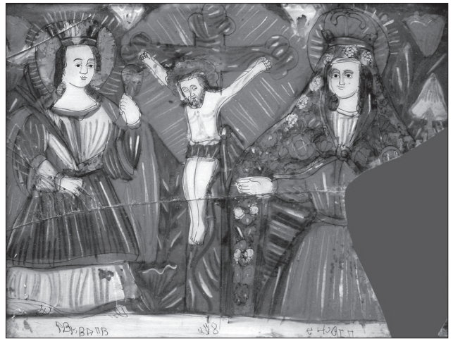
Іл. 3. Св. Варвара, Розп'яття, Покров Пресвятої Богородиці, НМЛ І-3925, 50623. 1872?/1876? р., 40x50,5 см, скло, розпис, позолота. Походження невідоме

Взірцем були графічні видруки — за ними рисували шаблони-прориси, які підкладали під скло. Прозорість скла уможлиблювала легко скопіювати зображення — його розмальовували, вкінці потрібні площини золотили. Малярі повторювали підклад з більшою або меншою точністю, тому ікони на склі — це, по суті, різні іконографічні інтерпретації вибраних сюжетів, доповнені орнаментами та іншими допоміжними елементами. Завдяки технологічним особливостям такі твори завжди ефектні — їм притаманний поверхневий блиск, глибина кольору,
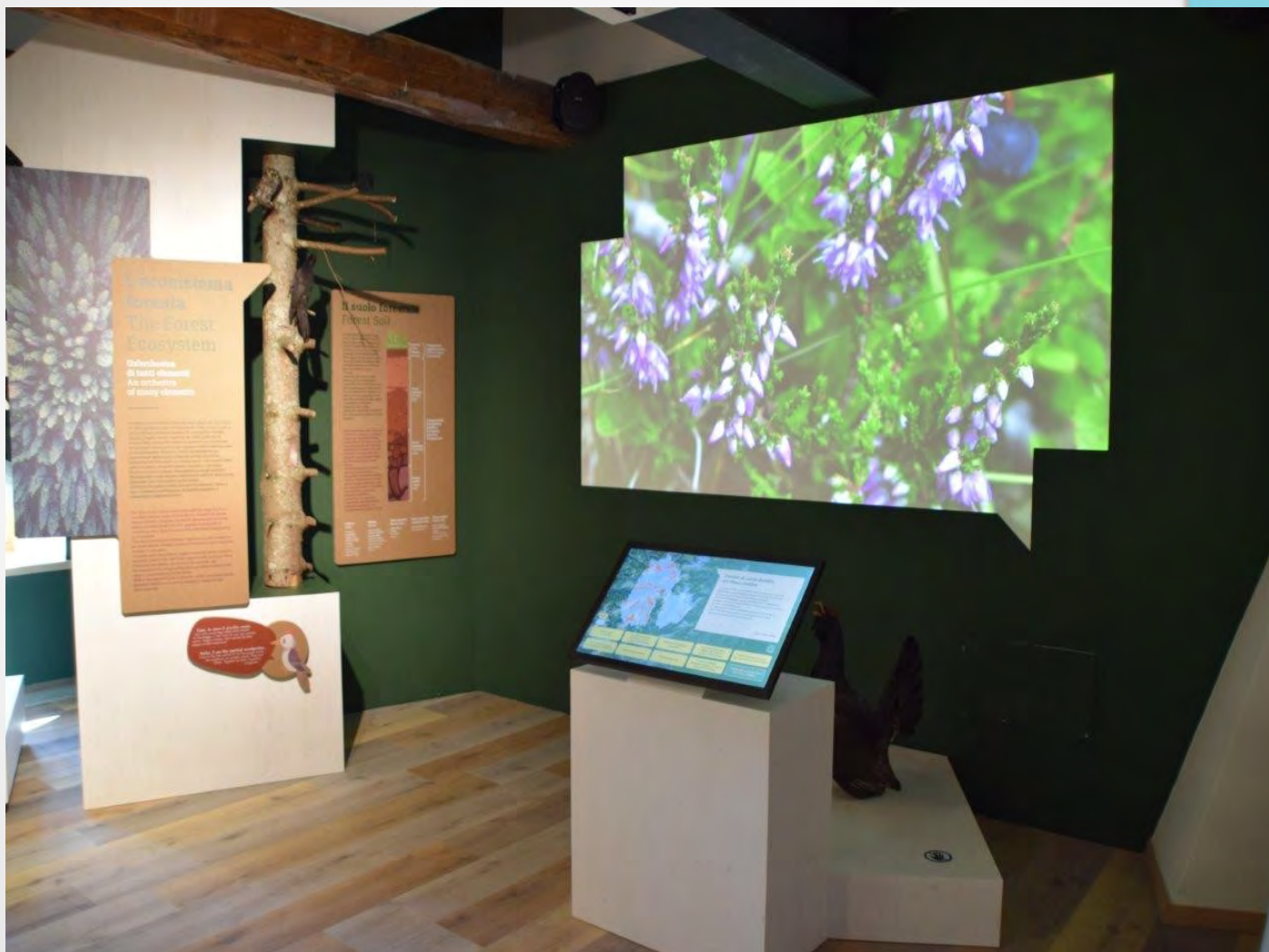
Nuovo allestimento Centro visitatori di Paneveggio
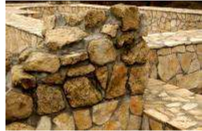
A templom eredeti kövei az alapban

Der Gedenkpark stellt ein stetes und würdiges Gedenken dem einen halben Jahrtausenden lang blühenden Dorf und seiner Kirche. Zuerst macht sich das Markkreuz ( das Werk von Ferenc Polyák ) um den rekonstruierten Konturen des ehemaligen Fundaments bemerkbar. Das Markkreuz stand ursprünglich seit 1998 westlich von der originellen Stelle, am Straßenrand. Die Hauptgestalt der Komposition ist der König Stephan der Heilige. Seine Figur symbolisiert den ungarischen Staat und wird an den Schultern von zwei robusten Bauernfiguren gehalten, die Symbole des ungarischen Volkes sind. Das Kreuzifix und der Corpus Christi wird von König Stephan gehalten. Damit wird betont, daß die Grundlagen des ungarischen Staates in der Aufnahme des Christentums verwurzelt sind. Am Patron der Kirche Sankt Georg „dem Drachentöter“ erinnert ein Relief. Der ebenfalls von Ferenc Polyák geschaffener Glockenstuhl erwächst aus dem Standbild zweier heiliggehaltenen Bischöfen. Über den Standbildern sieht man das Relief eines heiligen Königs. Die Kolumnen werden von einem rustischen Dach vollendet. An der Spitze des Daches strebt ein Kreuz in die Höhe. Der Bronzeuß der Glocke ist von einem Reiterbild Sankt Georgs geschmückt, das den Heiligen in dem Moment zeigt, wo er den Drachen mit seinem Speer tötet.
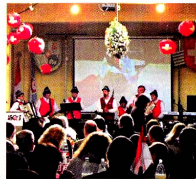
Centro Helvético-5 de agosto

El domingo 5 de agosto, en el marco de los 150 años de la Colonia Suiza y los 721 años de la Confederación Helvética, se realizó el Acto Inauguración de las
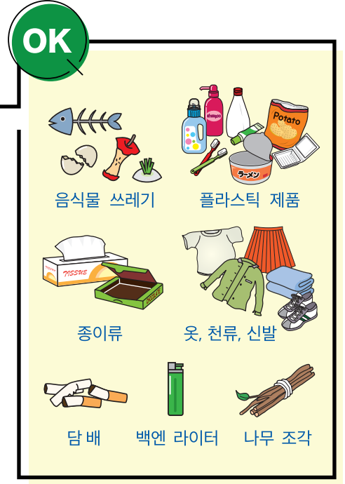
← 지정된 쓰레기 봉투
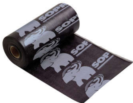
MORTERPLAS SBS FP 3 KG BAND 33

* * *

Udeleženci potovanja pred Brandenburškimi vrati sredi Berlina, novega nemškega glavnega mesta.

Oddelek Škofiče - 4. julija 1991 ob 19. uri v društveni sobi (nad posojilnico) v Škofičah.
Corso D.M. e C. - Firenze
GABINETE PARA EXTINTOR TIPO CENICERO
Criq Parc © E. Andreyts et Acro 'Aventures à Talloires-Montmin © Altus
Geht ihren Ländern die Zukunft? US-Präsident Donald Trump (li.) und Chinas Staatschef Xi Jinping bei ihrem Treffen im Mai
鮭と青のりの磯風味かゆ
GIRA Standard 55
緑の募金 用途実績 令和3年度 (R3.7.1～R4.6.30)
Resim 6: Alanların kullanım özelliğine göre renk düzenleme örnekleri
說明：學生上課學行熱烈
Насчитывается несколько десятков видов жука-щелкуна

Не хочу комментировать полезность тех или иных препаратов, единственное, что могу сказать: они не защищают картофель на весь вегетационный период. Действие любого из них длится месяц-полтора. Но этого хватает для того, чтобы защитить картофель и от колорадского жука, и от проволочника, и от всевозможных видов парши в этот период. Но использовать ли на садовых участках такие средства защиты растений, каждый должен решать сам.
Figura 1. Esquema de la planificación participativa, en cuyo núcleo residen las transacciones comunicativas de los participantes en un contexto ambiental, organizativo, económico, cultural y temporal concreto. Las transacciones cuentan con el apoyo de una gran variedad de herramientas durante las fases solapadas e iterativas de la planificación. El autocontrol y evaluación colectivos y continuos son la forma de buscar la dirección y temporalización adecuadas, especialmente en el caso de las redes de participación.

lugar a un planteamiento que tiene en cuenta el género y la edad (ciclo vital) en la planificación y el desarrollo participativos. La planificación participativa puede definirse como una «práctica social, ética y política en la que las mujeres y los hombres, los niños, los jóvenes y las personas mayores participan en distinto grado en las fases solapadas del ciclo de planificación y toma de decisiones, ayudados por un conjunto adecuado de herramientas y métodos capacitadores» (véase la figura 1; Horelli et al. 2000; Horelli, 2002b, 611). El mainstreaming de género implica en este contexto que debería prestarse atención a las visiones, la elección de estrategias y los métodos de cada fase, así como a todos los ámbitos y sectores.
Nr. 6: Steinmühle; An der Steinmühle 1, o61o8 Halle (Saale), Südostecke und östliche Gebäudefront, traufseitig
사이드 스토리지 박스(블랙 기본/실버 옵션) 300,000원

* * *

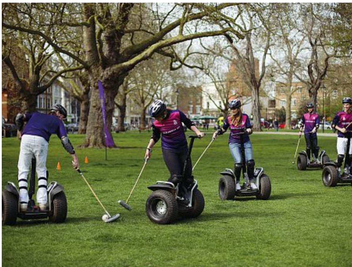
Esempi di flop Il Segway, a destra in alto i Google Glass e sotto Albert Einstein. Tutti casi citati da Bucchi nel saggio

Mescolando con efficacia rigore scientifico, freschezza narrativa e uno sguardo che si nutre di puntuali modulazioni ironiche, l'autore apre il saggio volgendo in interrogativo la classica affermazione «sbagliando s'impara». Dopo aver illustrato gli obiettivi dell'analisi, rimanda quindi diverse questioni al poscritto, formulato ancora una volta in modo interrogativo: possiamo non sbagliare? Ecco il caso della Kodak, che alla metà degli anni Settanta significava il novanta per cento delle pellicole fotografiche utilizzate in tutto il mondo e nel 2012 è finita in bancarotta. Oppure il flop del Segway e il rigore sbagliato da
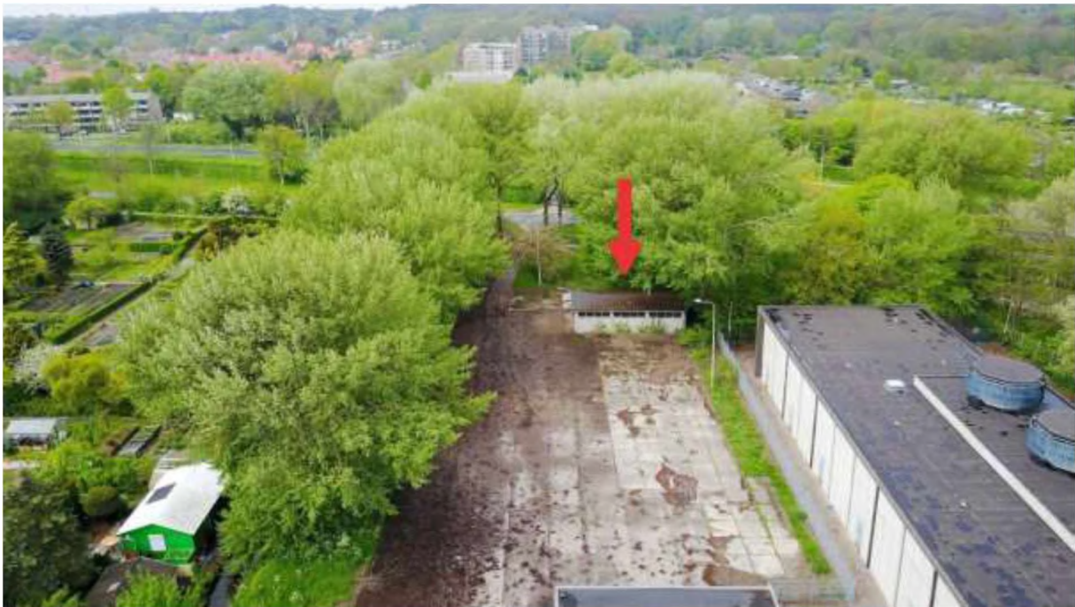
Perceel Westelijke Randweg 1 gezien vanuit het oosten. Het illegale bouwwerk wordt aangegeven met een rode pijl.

*WORK TO BE COMPLETED*:
In the listing above, find the line containing "Udeleženci potovanja pred" and the line containing "Насчитывается несколько десятков", then repeat those two lines and everything between them exactly.

*RESULT OF THE TASK*:
Udeleženci potovanja pred Brandenburškimi vrati sredi Berlina, novega nemškega glavnega mesta.

Oddelek Škofiče - 4. julija 1991 ob 19. uri v društveni sobi (nad posojilnico) v Škofičah.
Corso D.M. e C. - Firenze
GABINETE PARA EXTINTOR TIPO CENICERO
Criq Parc © E. Andreyts et Acro 'Aventures à Talloires-Montmin © Altus
Geht ihren Ländern die Zukunft? US-Präsident Donald Trump (li.) und Chinas Staatschef Xi Jinping bei ihrem Treffen im Mai
鮭と青のりの磯風味かゆ
GIRA Standard 55
緑の募金 用途実績 令和3年度 (R3.7.1～R4.6.30)
Resim 6: Alanların kullanım özelliğine göre renk düzenleme örnekleri
說明：學生上課學行熱烈
Насчитывается несколько десятков видов жука-щелкуна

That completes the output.